## Your goal
Look in the data below for the line that has "Influence of seal", then print exactly every line from there through the line that has "Yesterday was a", leaving pictures out.

## Stored entries
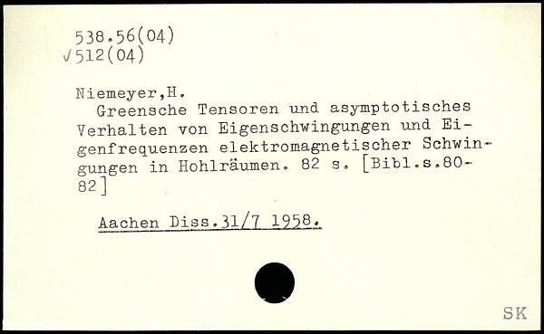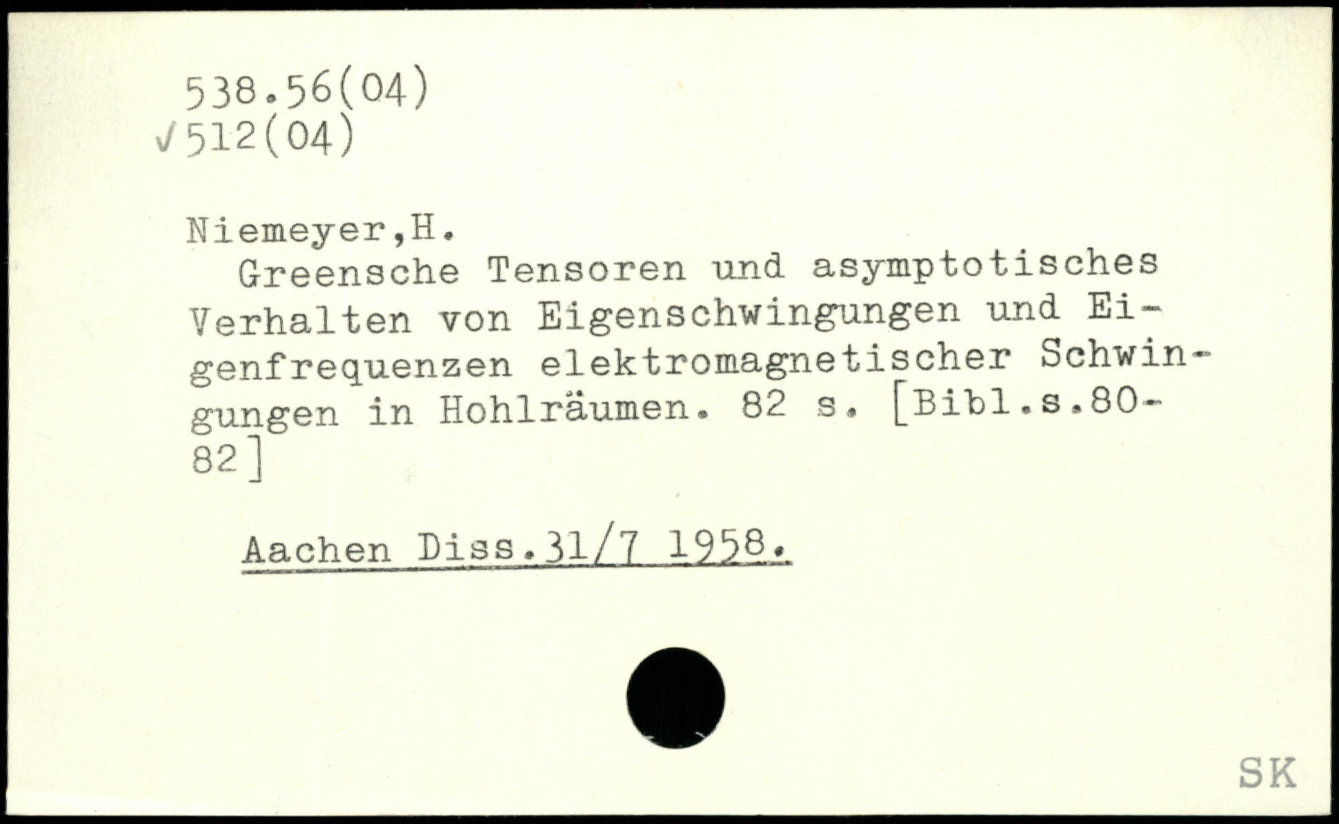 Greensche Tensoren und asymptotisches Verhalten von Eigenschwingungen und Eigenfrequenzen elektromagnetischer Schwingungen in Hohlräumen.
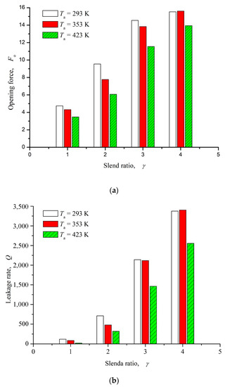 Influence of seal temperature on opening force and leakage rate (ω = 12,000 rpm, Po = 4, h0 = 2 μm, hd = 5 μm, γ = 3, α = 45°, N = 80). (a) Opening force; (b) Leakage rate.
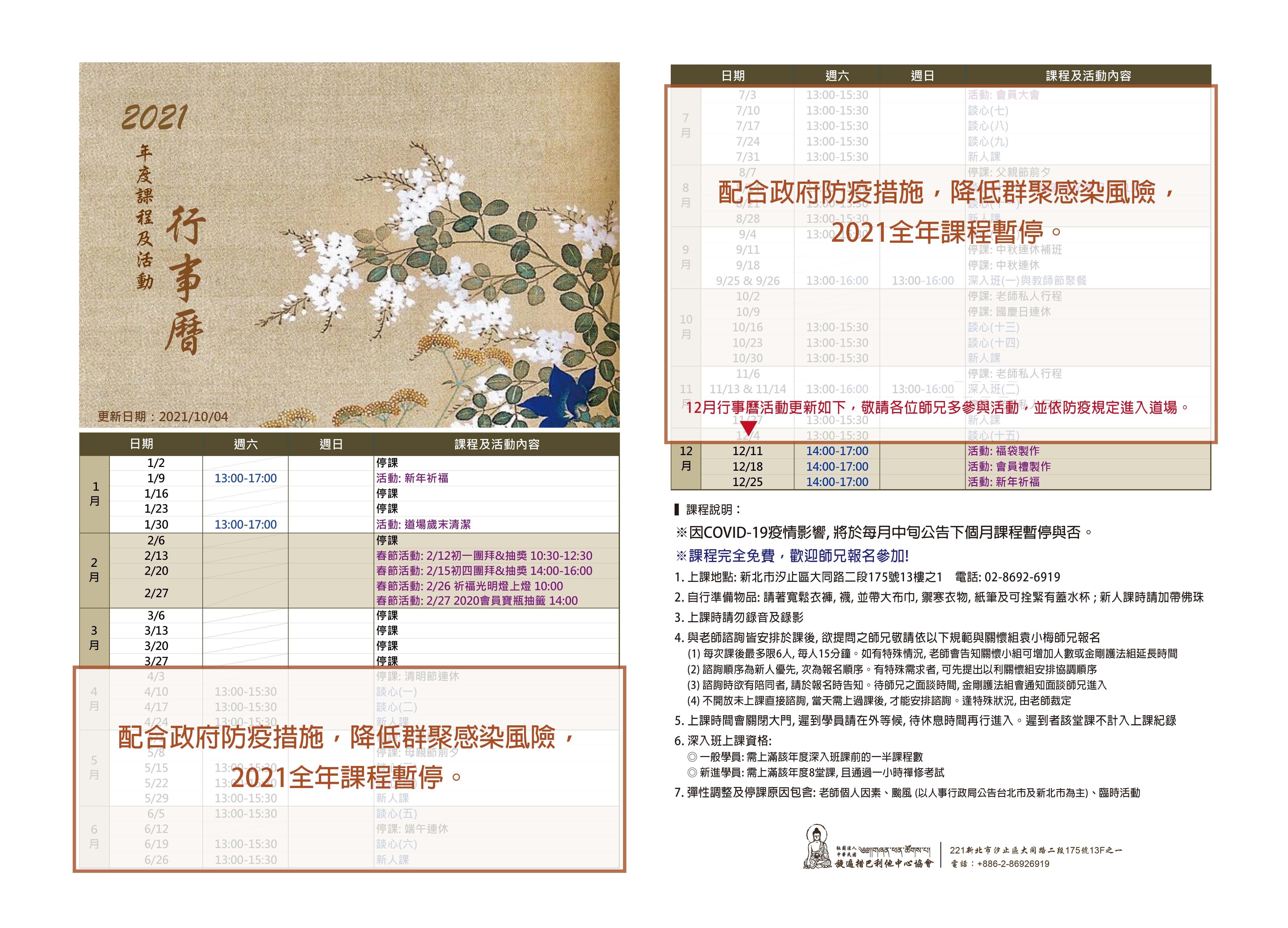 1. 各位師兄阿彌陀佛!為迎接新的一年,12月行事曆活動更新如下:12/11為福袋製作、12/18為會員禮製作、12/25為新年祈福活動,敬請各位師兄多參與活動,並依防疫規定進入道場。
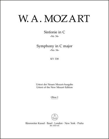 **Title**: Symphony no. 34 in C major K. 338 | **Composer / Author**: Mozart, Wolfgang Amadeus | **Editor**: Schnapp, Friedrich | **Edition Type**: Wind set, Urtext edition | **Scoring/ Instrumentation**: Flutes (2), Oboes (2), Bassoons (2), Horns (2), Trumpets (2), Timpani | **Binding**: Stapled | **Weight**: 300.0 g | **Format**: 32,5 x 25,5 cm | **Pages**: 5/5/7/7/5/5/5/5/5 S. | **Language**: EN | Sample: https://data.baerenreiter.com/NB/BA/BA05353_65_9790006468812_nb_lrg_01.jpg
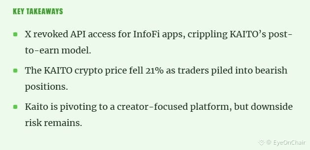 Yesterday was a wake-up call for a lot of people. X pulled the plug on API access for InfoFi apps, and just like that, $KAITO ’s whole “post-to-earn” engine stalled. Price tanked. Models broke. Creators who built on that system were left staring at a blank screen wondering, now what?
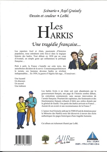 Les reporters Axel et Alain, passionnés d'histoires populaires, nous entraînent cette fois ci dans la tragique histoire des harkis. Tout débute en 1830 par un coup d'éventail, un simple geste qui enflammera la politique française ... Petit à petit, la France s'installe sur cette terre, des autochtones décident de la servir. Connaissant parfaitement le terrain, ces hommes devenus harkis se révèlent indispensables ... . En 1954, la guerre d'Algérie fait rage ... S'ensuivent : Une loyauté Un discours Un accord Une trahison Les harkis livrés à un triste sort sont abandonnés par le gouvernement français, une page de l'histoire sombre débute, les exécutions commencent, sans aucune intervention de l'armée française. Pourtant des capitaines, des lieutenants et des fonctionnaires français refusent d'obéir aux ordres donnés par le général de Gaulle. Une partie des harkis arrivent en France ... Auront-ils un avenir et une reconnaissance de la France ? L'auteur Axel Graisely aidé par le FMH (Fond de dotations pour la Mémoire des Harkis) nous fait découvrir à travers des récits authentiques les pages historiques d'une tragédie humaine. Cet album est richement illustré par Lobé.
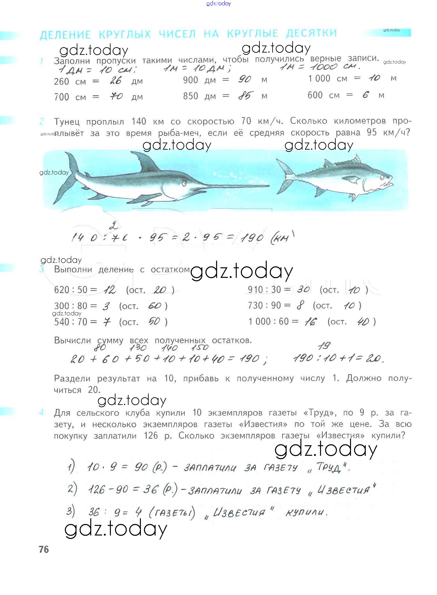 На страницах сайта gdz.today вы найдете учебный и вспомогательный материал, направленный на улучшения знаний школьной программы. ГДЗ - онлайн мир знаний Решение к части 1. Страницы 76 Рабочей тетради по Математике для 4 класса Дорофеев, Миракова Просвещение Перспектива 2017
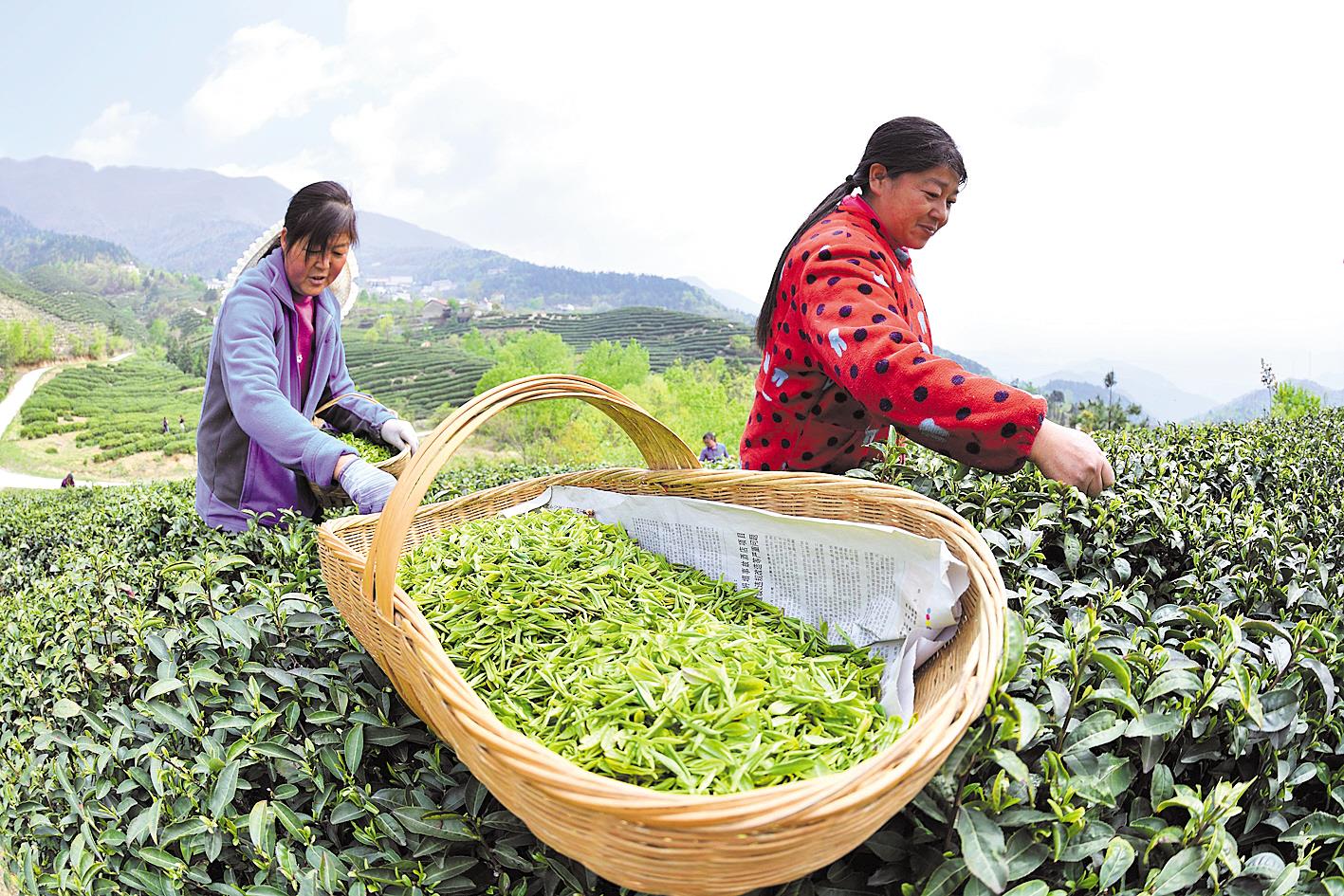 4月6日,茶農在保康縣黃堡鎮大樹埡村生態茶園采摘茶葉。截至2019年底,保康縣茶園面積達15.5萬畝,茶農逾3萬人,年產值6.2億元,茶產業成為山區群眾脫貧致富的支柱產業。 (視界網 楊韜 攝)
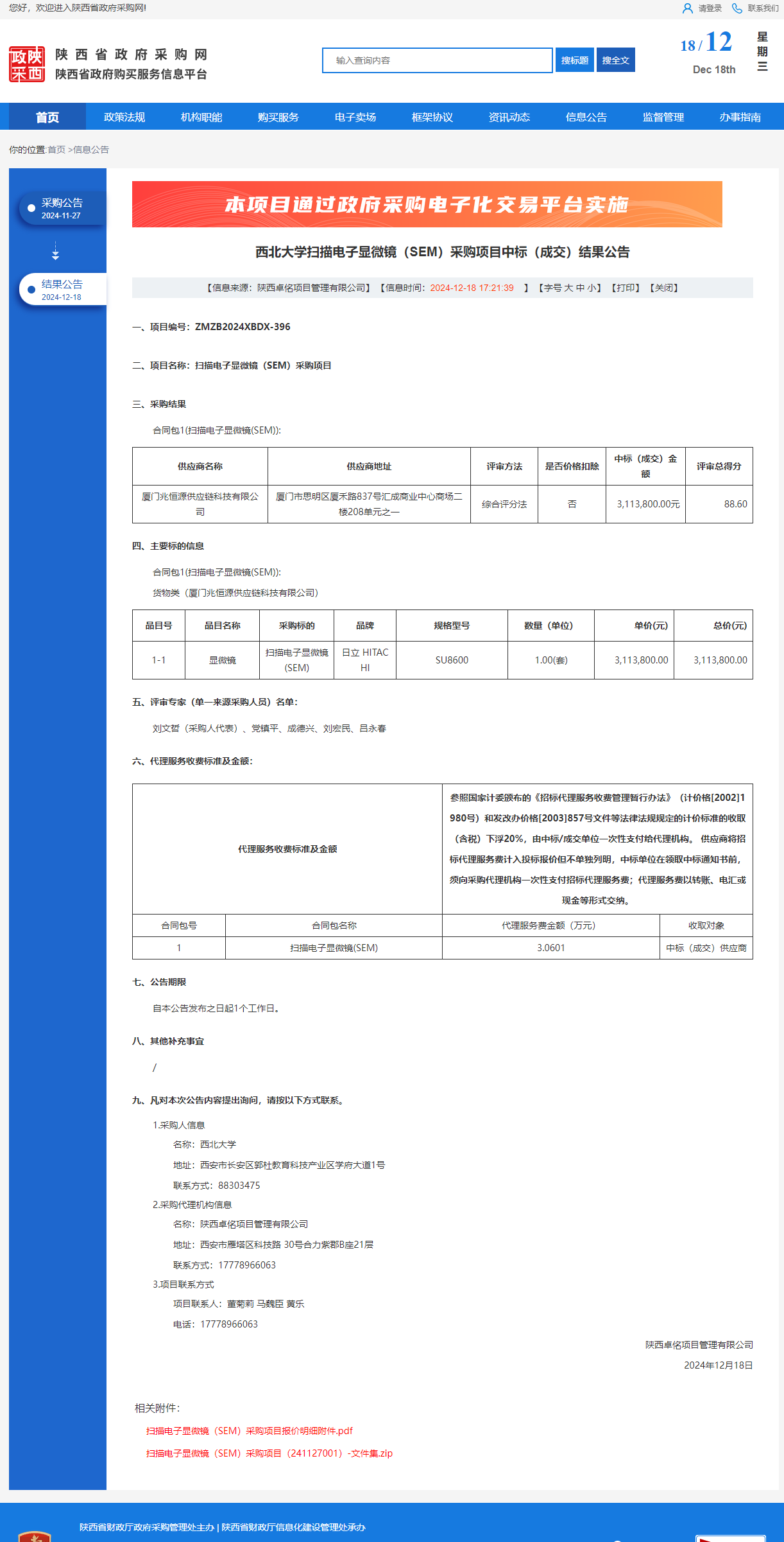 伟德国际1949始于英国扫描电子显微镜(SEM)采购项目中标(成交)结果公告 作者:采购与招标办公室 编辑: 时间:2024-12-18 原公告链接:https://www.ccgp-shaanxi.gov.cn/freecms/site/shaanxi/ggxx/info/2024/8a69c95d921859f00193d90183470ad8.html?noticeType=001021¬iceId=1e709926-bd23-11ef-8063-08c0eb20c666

## Result for this task
 Influence of seal temperature on opening force and leakage rate (ω = 12,000 rpm, Po = 4, h0 = 2 μm, hd = 5 μm, γ = 3, α = 45°, N = 80). (a) Opening force; (b) Leakage rate.
 1. 各位師兄阿彌陀佛!為迎接新的一年,12月行事曆活動更新如下:12/11為福袋製作、12/18為會員禮製作、12/25為新年祈福活動,敬請各位師兄多參與活動,並依防疫規定進入道場。
 **Title**: Symphony no. 34 in C major K. 338 | **Composer / Author**: Mozart, Wolfgang Amadeus | **Editor**: Schnapp, Friedrich | **Edition Type**: Wind set, Urtext edition | **Scoring/ Instrumentation**: Flutes (2), Oboes (2), Bassoons (2), Horns (2), Trumpets (2), Timpani | **Binding**: Stapled | **Weight**: 300.0 g | **Format**: 32,5 x 25,5 cm | **Pages**: 5/5/7/7/5/5/5/5/5 S. | **Language**: EN | Sample: https://data.baerenreiter.com/NB/BA/BA05353_65_9790006468812_nb_lrg_01.jpg
 Yesterday was a wake-up call for a lot of people. X pulled the plug on API access for InfoFi apps, and just like that, $KAITO ’s whole “post-to-earn” engine stalled. Price tanked. Models broke. Creators who built on that system were left staring at a blank screen wondering, now what?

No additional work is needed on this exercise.